Diego Fusaro
El capitalismo supera dialécticamente las reivindicaciones antagonistas del proletariado (lucha de clases, espíritu de escisión, organizaciones partidistas, pasión revolucionaria); y lo hace anestesiando su conciencia en un sentido consumista, pero también «economicizando» el conflicto (desde los años setenta, el proletariado lucha por conseguir salarios más altos y no por superar el modo de producción, metabolizando así la ideología del capital como horizonte ineluctable). Simultáneamente, el capitalismo supera la “conciencia infeliz” burguesa. De hecho, ésta también representa, no menos que el antagonismo reivindicativo y potencialmente revolucionario del proletariado, una contradicción en el seno del capitalismo; y esto sobre todo si se considera que la burguesía: a) presenta su propia vocación universalista que puede llevarla -como en el caso de Marx- a contestar el mundo histórico capitalista en el que aún es clase dominante; y b) dispone de una esfera valorial y ética no mercadizable y, por tanto, en última instancia incompatible con los procesos de omnimercadización propios del capitalismo absoluto.

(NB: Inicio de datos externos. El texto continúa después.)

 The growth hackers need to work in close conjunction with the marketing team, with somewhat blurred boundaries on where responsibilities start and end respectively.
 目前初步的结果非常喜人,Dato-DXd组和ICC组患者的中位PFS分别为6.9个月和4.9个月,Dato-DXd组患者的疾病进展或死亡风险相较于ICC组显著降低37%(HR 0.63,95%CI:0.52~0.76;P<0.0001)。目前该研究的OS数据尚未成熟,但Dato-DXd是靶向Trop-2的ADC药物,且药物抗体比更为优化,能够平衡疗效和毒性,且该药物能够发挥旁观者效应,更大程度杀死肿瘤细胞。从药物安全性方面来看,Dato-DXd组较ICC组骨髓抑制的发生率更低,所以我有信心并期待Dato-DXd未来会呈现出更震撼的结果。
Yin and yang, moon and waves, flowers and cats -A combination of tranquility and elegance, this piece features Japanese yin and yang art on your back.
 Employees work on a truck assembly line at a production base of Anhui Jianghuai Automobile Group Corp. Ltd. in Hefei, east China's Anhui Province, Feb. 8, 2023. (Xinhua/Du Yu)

La burguesía es, en consecuencia, incompatible con el capitalismo absoluto, así como este último es, por su esencia, irreconciliable con la clase burguesa tanto en el plano inmaterial (conciencia infeliz) como en el plano material (propiedades de las clases medias). En realidad, el turbocapital presupone la inconsciencia feliz de los consumidores resilientes, posburgueses y posproletarios, y la destrucción de las bases materiales de la existencia misma de la clase media burguesa por obra del auri sacra fames de la finanza cosmopolita y sus cínicos gerifaltes. La burguesía y el proletariado, en su conflictualidad dialéctica, se habían desarrollado en el marco de la eticidad en sentido hegeliano, vale decir en el espacio real y simbólico de las «raíces» sólidas y solidarias de la vida comunitaria, ligadas a la familia y la escuela, al sindicato y al Estado nacional soberano.

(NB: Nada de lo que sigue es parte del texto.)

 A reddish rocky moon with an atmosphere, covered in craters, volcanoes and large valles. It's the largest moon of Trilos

Al precarizar, movilizar, desarraigar y comercializar completamente el mundo de la vida, el capitalismo absoluto-totalitario provoca la «deseticización«, la aniquilación del elemento sittlich. Deconstruye toda comunidad residual que no sea la intrínsecamente anticomunitaria del efímero do ut des del mercado. Neutraliza la familia y los sindicatos, la escuela y el Estado nacional soberano. Y produce el open space del mundo reducido a mercado y habitado únicamente por consumidores desarraigados y homologados, sin conciencia antagonista proletaria y sin conciencia infeliz burguesa.

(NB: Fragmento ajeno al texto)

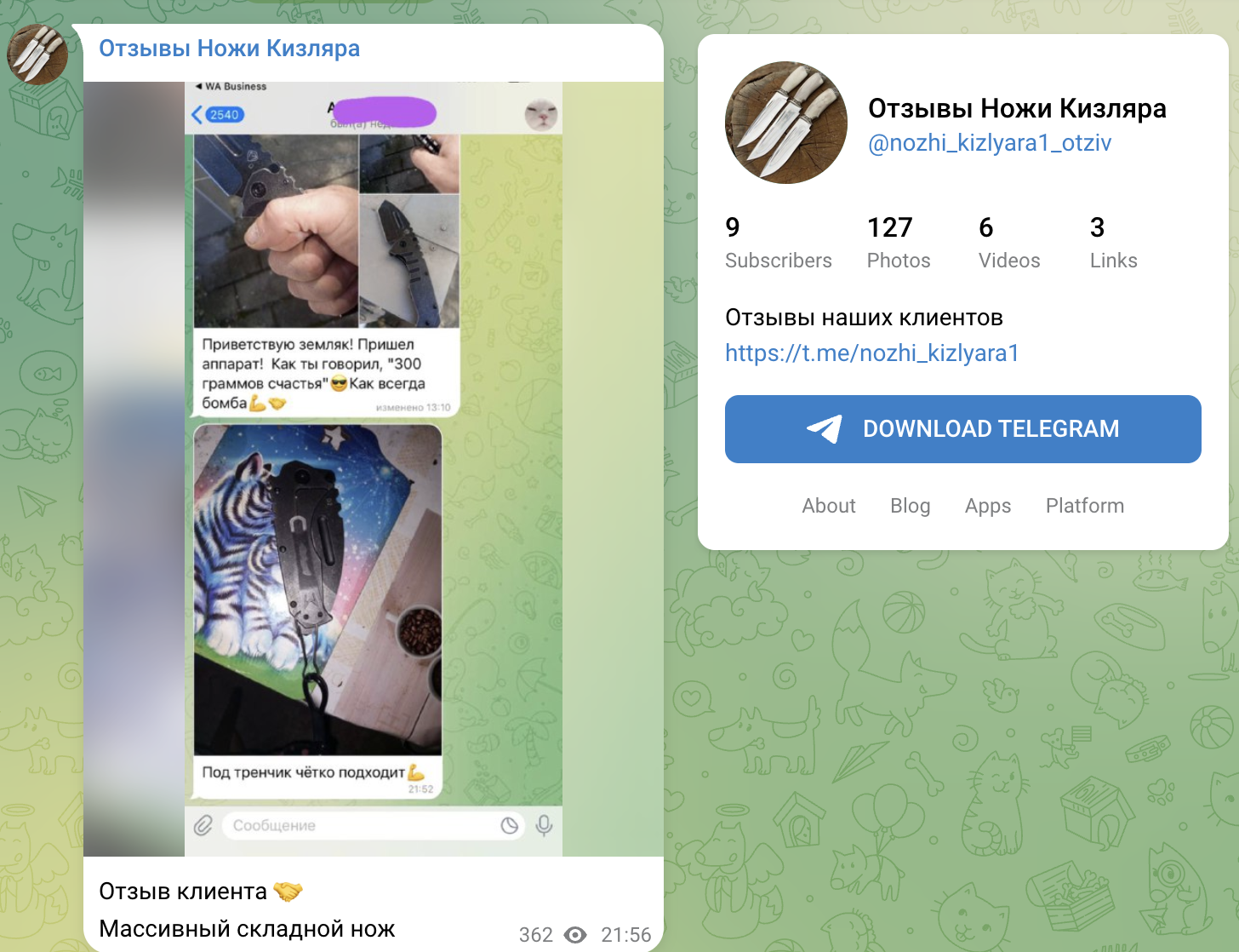 Обзор телеграм-канала Ножи Кизляра: отзывы подписчиков, честно ли работает магазин Razhab nozhi

La post-traditional society, según la expresión de Giddens, se convierte en un mercado desregulado, en cuyos espacios sin fronteras las clases sociales se disuelven en el falso interclasismo de los “consumidores homologados”, que tienen tantos derechos como puedan comprar. La ideología sesentayochista -confundiendo la lucha contra la burguesía con la lucha contra el capitalismo- actúa como un orden de referencia simbólico para el nuevo capitalismo absoluto-totalitario, él mismo sesentayochesco en su lucha contra todo legado de la vida ética burguesa y en su esencia anarco-desregulante. . Por esta razón, como sugiere Michéa, desde 1968 la izquierda se ha transformado en «una simple máquina política destinada a legitimar culturalmente, en nombre del progreso y de la modernización, todas la huidas hacia adelante de la civilización liberal».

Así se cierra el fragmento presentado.